TASK OBJECTIVE: Copy all entries exactly, and wherever an entry holds a picture, leave that picture out.

Stored data entries

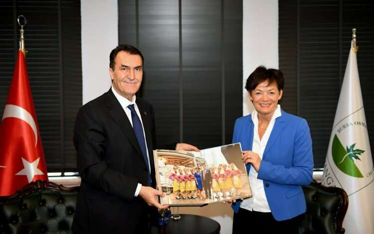 Almanya Hessen Eyaleti Bakanı Lucia Puttrıch, kardeşlik anlaşmasının yıl dönümünde Osmangazi Belediye Başkanı Mustafa Dündar’ı ziyaret etti.
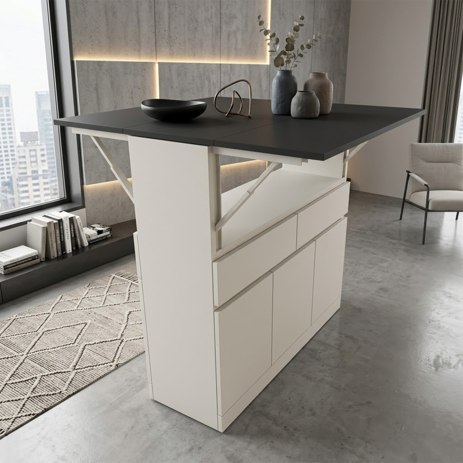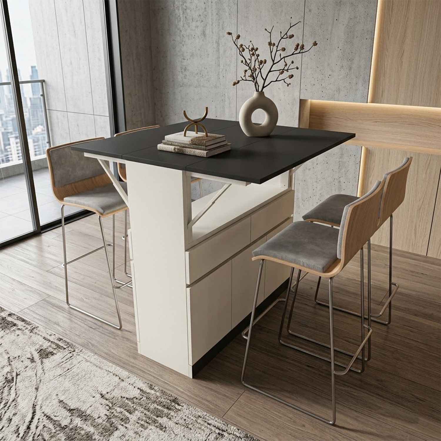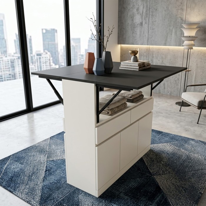 Equator is a versatile expandable multi utility table ideal for kitchen and dining areas. can be used as a large working top, breakfast counter or even as multipurpose table. it is portable (has 360o wheels)
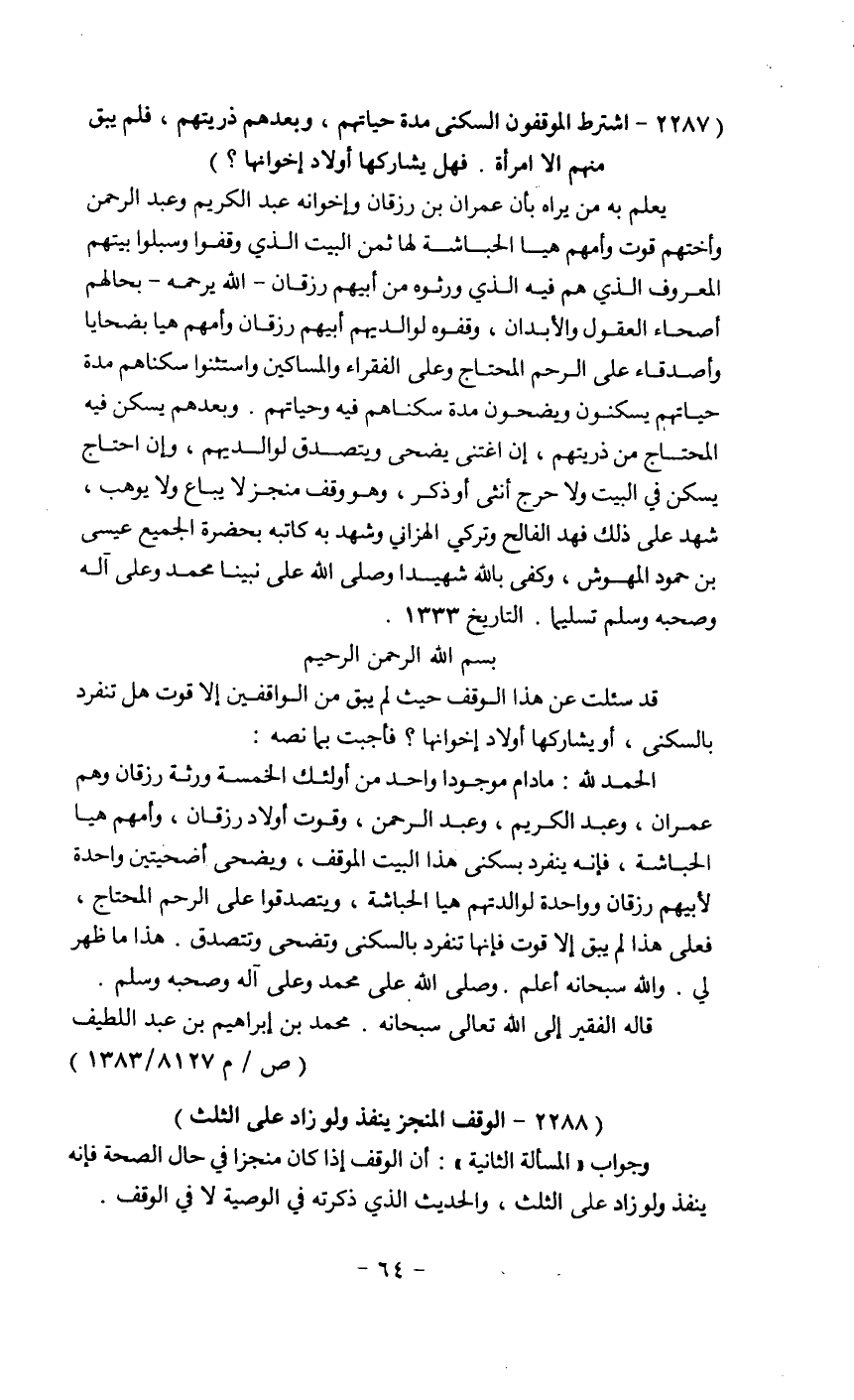 قد سئلت عن هذا الوقف حيث لم يبق من الواقفين إلا قوت هل تنفرد بالسكني، أو يشاركها أولاد إخوانها؟ فأجبت بما نصه:
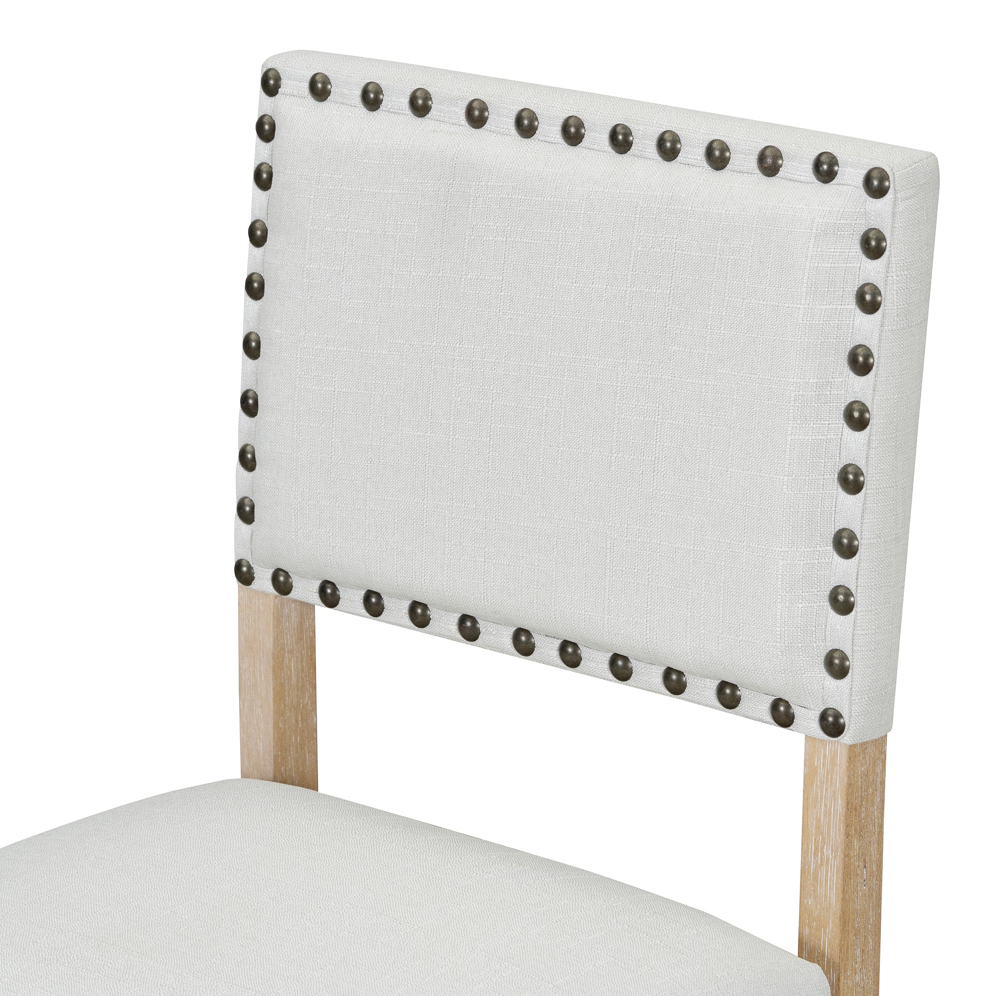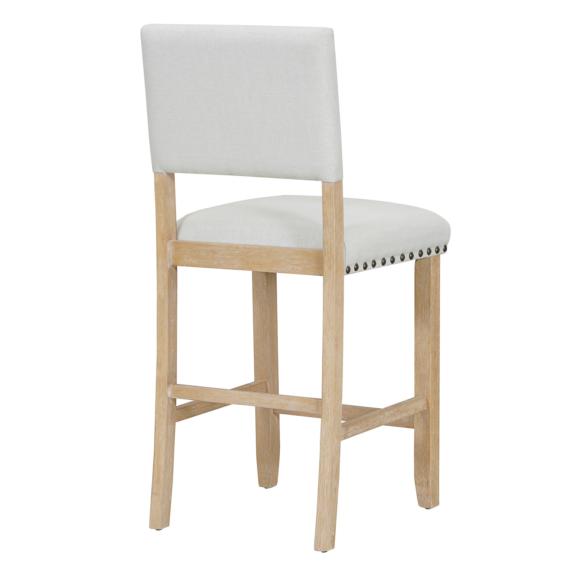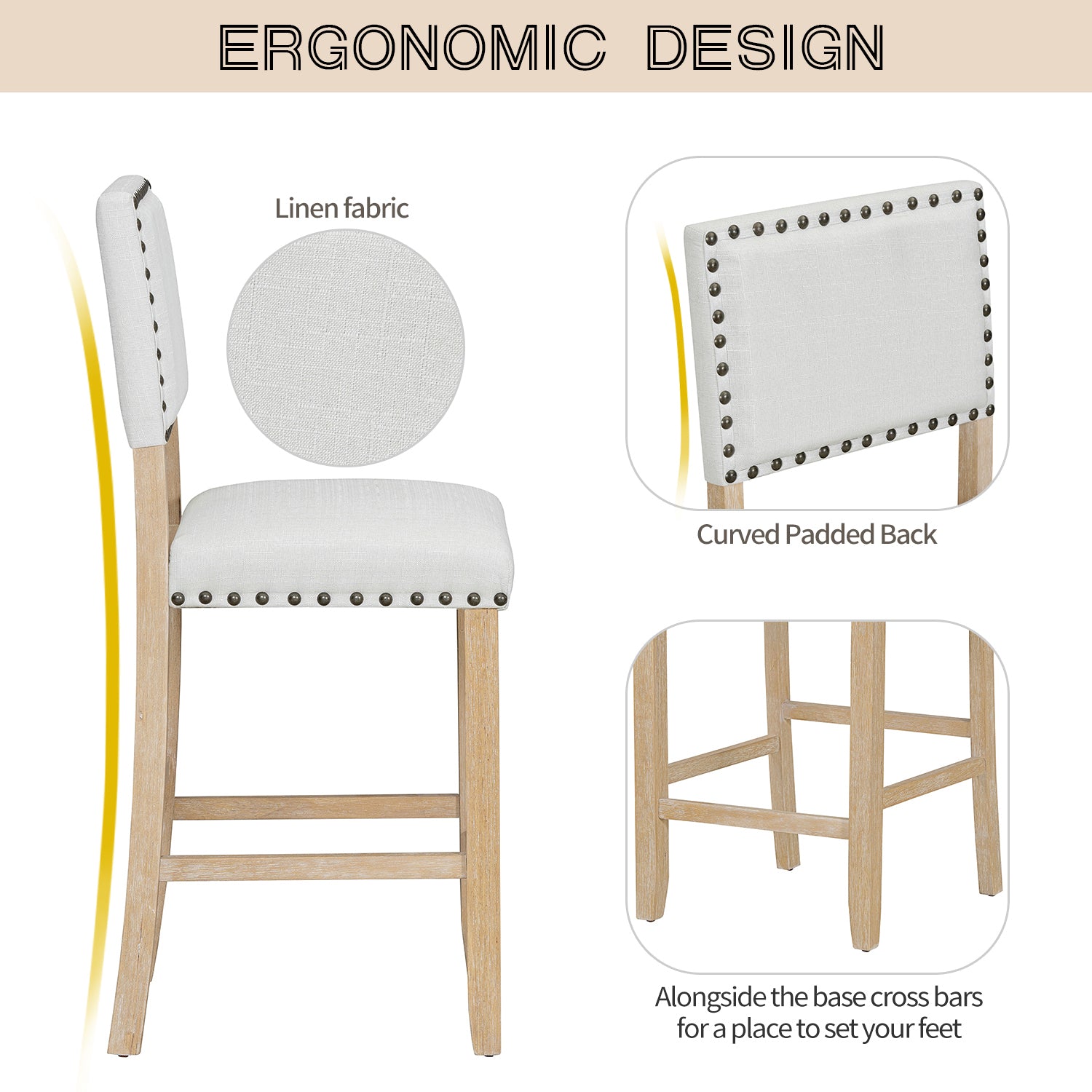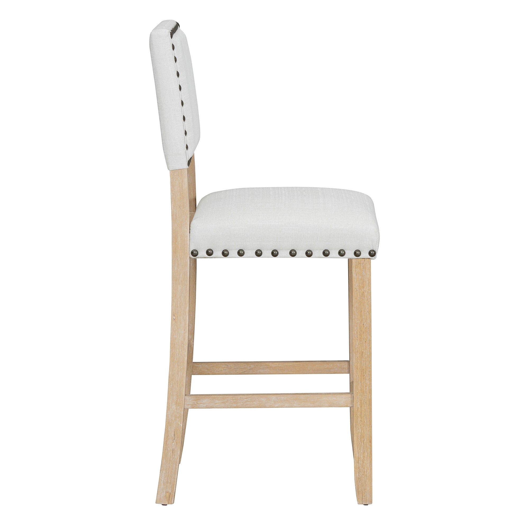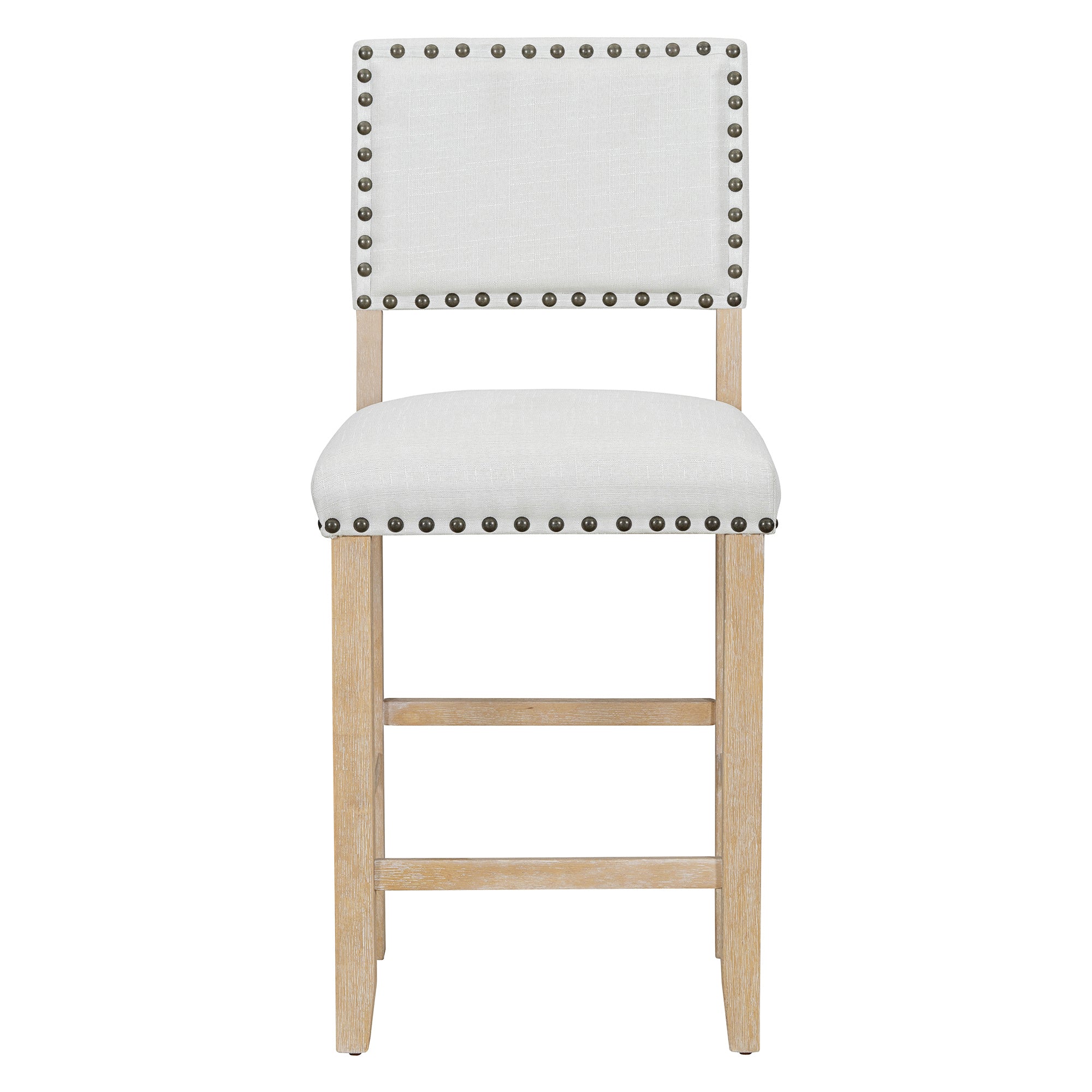 - Elegant Appearance: Add an air of elegance to your space with this classy 5-piece dining set including one wooden counter height table and four cushioned chairs with nail head trim in an eye-catching and contemporary natural wood wash and beige color scheme. Table Dimensions: 52"L x 27"W x 36.3"H. Chair Dimensions: 18"L x 19"W x 40.5"H.
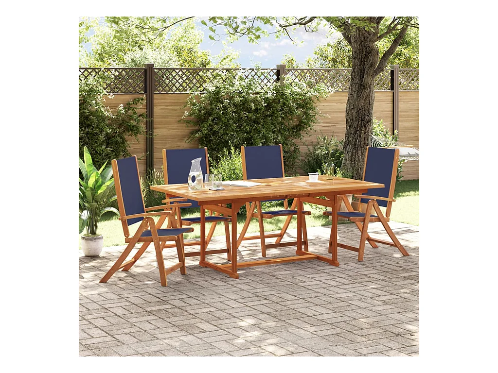 Juego de 8 sillas de jardín plegables de acacia maciza y textilene

SOLUTION TO THIS EXERCISE:
 Almanya Hessen Eyaleti Bakanı Lucia Puttrıch, kardeşlik anlaşmasının yıl dönümünde Osmangazi Belediye Başkanı Mustafa Dündar’ı ziyaret etti.
 Equator is a versatile expandable multi utility table ideal for kitchen and dining areas. can be used as a large working top, breakfast counter or even as multipurpose table. it is portable (has 360o wheels)
 قد سئلت عن هذا الوقف حيث لم يبق من الواقفين إلا قوت هل تنفرد بالسكني، أو يشاركها أولاد إخوانها؟ فأجبت بما نصه:
 - Elegant Appearance: Add an air of elegance to your space with this classy 5-piece dining set including one wooden counter height table and four cushioned chairs with nail head trim in an eye-catching and contemporary natural wood wash and beige color scheme. Table Dimensions: 52"L x 27"W x 36.3"H. Chair Dimensions: 18"L x 19"W x 40.5"H.
 Juego de 8 sillas de jardín plegables de acacia maciza y textilene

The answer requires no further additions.